We would also use patient23456
as the individualId
element within a Pedigree element.
alternate_ids
An optional list of alternative identifiers for this individual. These should be in the form of rstcurie`s and hence have a
corresponding :ref:`rstresource listed in the MetaData. These should not be used elsewhere in the phenopacket
as this will break the assumptions required for using the id
field as the primary identifier. This field is provided
for the convenience of users who may have multiple mappings to an individual which they need to track.
date_of_birth
This element represents the date of birth of the individual as an ISO8601 UTC timestamp that is rounded down to the closest known year/month/day/hour/minute. For example:
“2018-03-01T00:00:00Z” for someone born on an unknown day in March 2018
“2018-01-01T00:00:00Z” for someone born on an unknown day in 2018
empty if unknown/ not stated.
See here for more information about timestamps.

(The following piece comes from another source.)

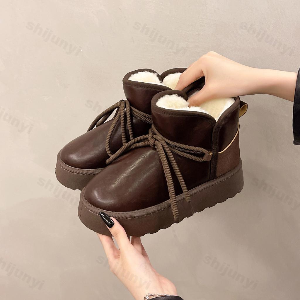 Shoes for Women Boots 2025 New Round Toe Luxury Designer Winter Snow Boots Women Footwear Ladies Fashion Lacing Sports Booties

The element is provided for use cases within protected networks, but it many situations the element should not be used
in order to protect the privacy of the individual. Instead, the time_at_last_encounter
element should be preferred.
time_at_last_encounter
An object describing when the encounter with the patient happened or the the age of the individual at the time of collection of biospecimens or phenotypic observations reported in the current Phenopacket. It is specified using either an TimeElement, which can represent an time in several different ways, either precisely or within a range. For example an Age or an AgeRange element, which can represent a range of ages such as 10-14 years (age can be represented in this was to protect privacy of study participants).
vital_status
The VitalStatus can be used to report whether the individual is living or dead at the timepoint when the phenopacket was created (or if the status is unknown).
sex
Phenopackets make use of an enumeration to denote the phenotypic sex of an individual. See Sex.
karyotypic_sex
Phenopackets make use of an enumeration to denote the chromosomal sex of an individual. See KaryotypicSex.
taxonomy
For resources where there may be more than one organism being studied it is advisable to indicate the taxonomic identifier of that organism, to its most specific level. We advise using the codes from the NCBI Taxonomy resource. For instance, NCBITaxon:9606 is human (homo sapiens sapiens) and or NCBITaxon:9615 is dog.